Yes, Baking is right, I was also on steroids as results weren't back when I got my BFP. Horrible things. I understand the reluctance to be on loads of meds, I couldn't wait to be free of them. I came off the progesterone at 10 weeks, the clexane at 11 weeks and the prednisolone I weaned off of slowly, taking my last one just before 12 weeks. Not agreed, but mostly cos I couldn't stand it any more.

Just is still going to get her BFP, I know it.

Thanks Tanny! I have just agreed to do a stand up comedy gig in January (always fancied giving it a go and now I have a chance to die on stage). I expect that now I have decided to do that I will immediately get pg and be too Ill/tired to be funny, or even turn up. I'm just so fed up with putting life on hold! My reflexologist is coming round for a home visit at 9:00 tonight so that'll be nice.

Thanks all. I just don't know what to do. baking 'lack of evidence' was not my phrase, but the Dr I first saw in St. Mary's. The developmental issues were: NT of 9mm (normal is around 2.18, downs syndrome would be thicker, but 9mm is grossly abnormal) bilateral pleural effusions (fluid on the lungs) oedema everywhere, ascites, tachycardia (raised HB). Given 90% chance of death in utero. There is no way, given the condition of the foetus, that pregnancy would have successful, so we decided to end it. Dreadful.

I'm about to go and eat dinner, so I'll stop in a minute, promise!

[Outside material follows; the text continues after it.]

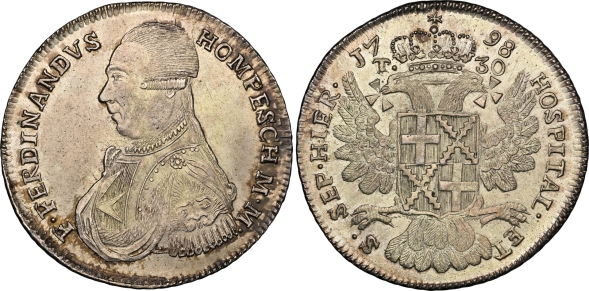 1798. Order of Malta. Ferdinand Hompesch 30 Tari, KM-345.3, DAV-1611b, Schembri-3. A striking, one-year type that is believed to have been struck by the French during their occupation, featuring the armored bust of Ferdinand Hompesch and crowned imperial eagle. Broad, with incredibly original surfaces that glisten with an exciting amount of mint luster and minor, yet hardly disturbing adjustment marks. The reverse is sublime with highlights in a delicate shade of antique gold that are woven through much of the devices and produce a warm glow. Currently the finest-known certified specimen of this type, and highly engaging as such. NGC MS-63.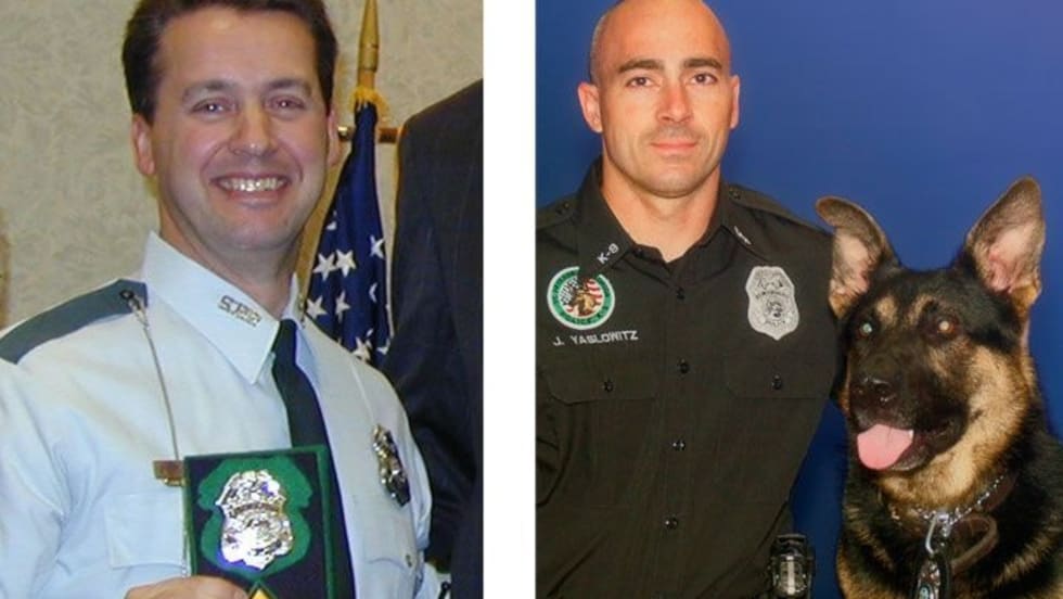 Officer Jeffrey Yaslowitz and Sgt. Tom Baitinger were providing backup to a U.S. Marshal, when they were fatally shot. The shooter was later found dead, after the house was partially dismantled using heavy machinery.

Purple, I can only echo Cat and Baking. Fight your corner. And good luck.

Ooh, dinner time!

Also prof Reagan saying my TEG is normal in pregnant and Mr.Rai saying it isn't is just frustrating. Prof Reagan is not a fan of the 'clexane anyway' and quotes a study where using meds with no real reason to gives a worse outcome. For every study that says one thing, there's another that says something else. Yes in 10 years we'll all be saying 'Ahhhh..that was it' - definitely too late for me.

It would be a lot easier if all the 'experts' could agree with each other!
bootles sorry if typing all that out upset you, I was just wondering if that loss was consistent with a dodgy implantation since no genetic cause was found. Just bloody heartbreaking to get to a 12 week scan and then find problems when you've struggled so hard to get that far

Its ok baking typing it is cathartic really. I just don't know if those problems can be caused by implantation issues - it looked fine at 8 week scan. OH finds my indecisive nature frustrating and thinks it's worth giving Coventry a go. Maybe I'll just book an appointment..and see how I feel nearer the time..

Can I ask a stupid question? What is nk testing and how does it help? Are there any risks associated with it? I've just eaten four sausages - bit sure this is going to help me loose a stone...

Not sure even - silly phone!

Not a silly question at all. NK (natural killer) cells are a subset of T lymphocytes (white blood cells) which are part of the immune system that kill off invading viruses, cancerous cells etc. One of the things thought to cause RMC is an imbalance of the immune system not allowing the body to 'tolerate' the foetus. NK cell levels can be measured in a uterine biopsy (part of the tests done at Coventry implantation clinic) or on a blood sample (controversy whether this relates to uterine levels or not)
One of Prof Q's papers says that the NK cells are only a marker for deficient steroid production, but whichever way you look at it, steroids are the starting point of treatment. The London doctors who also treat this use higher doses and add in other immune modulating treatments like intralipids, IVIG and humira.
The Coventry protocol is they see you at least 2 cycles post MC, definitely not pregnant, and 7-10 days after ovulation. You have a scan, and they take the biopsy by inserting a long flexible tube through the cervix and pulling off a bit of lining, at the same time 'scratching' the lining which has been shown to stimulate a healing response and better linings for the few cycles following. It's comparable to a smear test, discomfort wise. The biopsy is grown in the lab and they assess NK numbers and decidualisation (how well the lining prepares for pregnancy)
I was told there's a small risk of infection, though everything is single use and sterile, and a tiny risk of perforating the uterus.